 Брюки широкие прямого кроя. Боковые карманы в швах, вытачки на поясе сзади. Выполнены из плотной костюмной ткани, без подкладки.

--

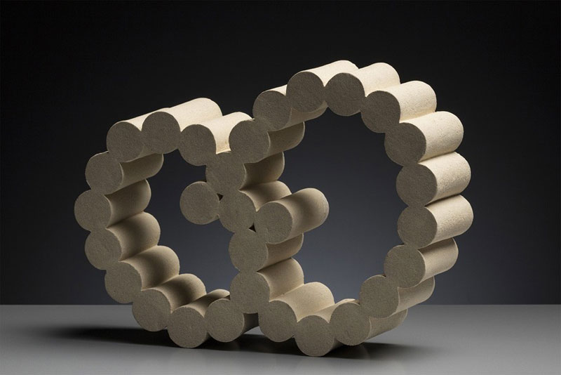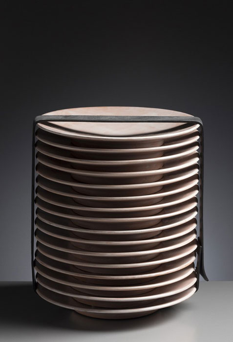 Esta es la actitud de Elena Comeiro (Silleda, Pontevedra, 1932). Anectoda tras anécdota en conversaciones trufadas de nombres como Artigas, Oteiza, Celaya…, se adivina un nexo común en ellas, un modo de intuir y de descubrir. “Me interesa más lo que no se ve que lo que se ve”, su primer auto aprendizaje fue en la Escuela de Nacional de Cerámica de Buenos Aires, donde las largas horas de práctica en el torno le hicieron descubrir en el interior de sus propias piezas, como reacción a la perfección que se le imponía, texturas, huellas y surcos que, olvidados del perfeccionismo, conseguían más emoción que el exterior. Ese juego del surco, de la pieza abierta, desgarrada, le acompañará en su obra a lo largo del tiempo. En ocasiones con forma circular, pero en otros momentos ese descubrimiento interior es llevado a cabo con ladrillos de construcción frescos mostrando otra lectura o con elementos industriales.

==

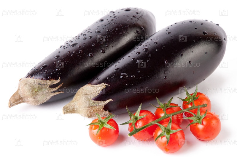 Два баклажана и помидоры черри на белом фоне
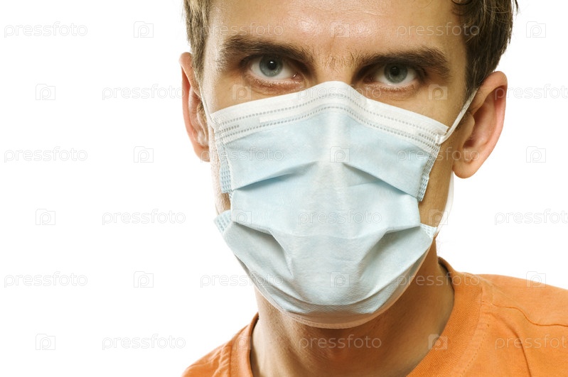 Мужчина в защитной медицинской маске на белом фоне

TASK DIRECTIONS:
Would you please reproduce the entries above, starting at the line with "Два баклажана и помидоры черри на белом фоне" and stopping after the line with "Мужчина в защитной"? Omit any pictures.

REPLY TO THE EXERCISE:
 Два баклажана и помидоры черри на белом фоне
 Мужчина в защитной медицинской маске на белом фоне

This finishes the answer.